A falta de playa, buenos son los chuuuuurrooos en casa
No hay con qué darle a un churro recién hecho. Pensá: la primera mordida hace crac y la masa salada se funde con el dulce de leche y el azúcar. ¿Te tentaste? Listo, acá va la mejor receta de churros.
Cuál es la mejor receta de churros es la pregunta que cada vez que te ponés a hacerlos te viene a la cabeza. Por ahí viene la cosa. Pero hay churros y churros, no es cuestión de tomarse el tema para el churrete. El churro ideal viene con música (suena “crac”), está tibio y es sequito. La fusión de su masa salada, el azúcar y el dulce de leche son un viaje.
Están los puristas del churro, los que los prefieren sin relleno. Están los clásicos, los que los consumen inyectados con dulce de leche. Están los amantes de las experiencias extremas, que los prefieren bañados en chocolate. Y están los que les ponen cualquier cosa adentro: la libertad churreril alcanza niveles escandalosos con rellenos de tiramisú, pulpa de maracuyá, puré de palta y hasta queso azul y cheddar con panceta y verdeo.

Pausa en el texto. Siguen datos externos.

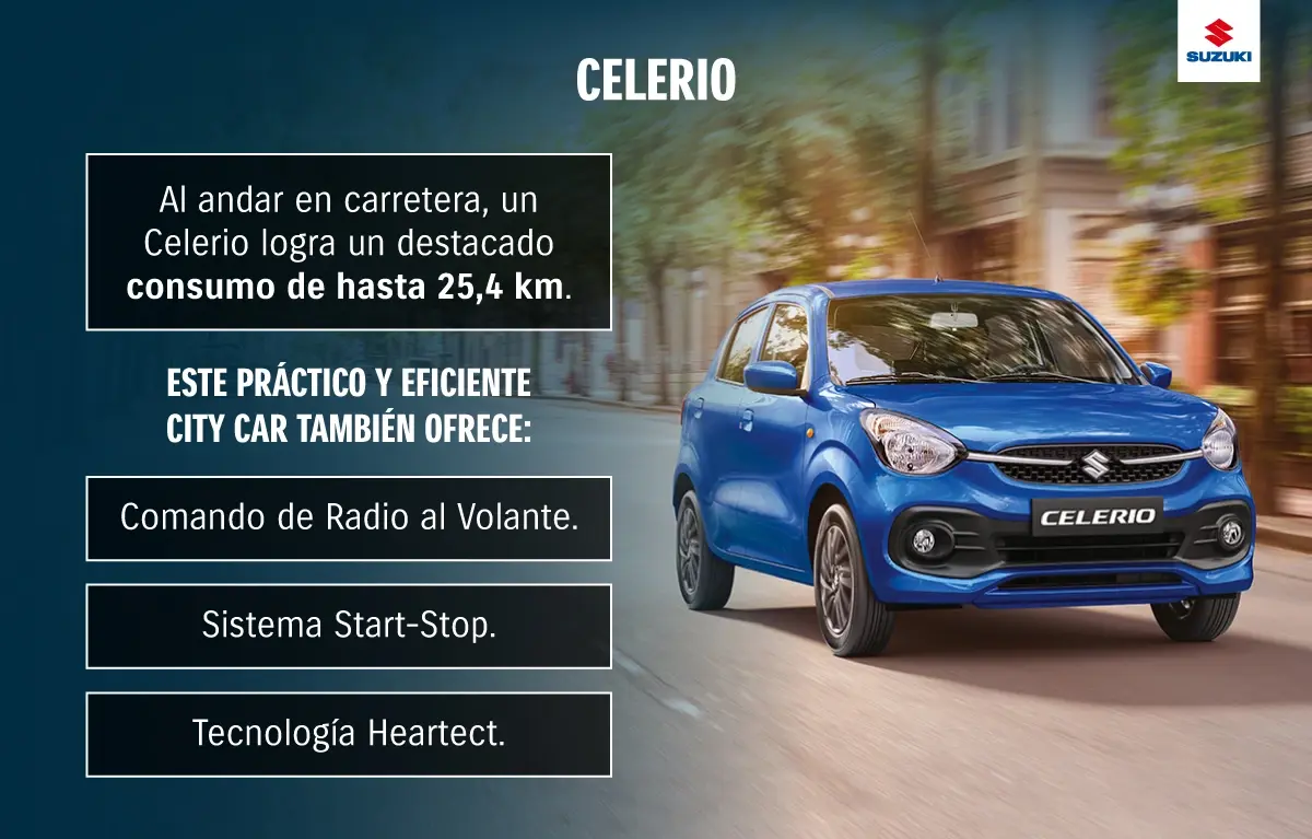 El espÃritu juvenil y atrevido de Celerio en su tercera generación es acompañado por su gran eficiencia. En su versión AMT, este modelo es capaz de ofrecer un rendimiento de hasta 21,4 km/l en la ciudad , es decir, se puede convertir en la solución ideal para quienes busquen ahorrar. En carretera, este atributo se potencia, logrando un consumo de 25,4 km/l.

Pero vamos a nuestra adicción básica. El churro es un bocado muy antiguo que comían los campesinos del medioevo. Si alguien se ponía pesado, lo mandaban a freír churros, porque ya verás que es una receta sencilla, pero tiene sus cuestiones. Acá llegaron con los inmigrantes españoles, quienes los bajaban con chocolate caliente. También los servían en forma de espiral, las famosas “porras”, que todavía se encuentran en algunos pueblos de España y que se comen en el momento, como debe ser.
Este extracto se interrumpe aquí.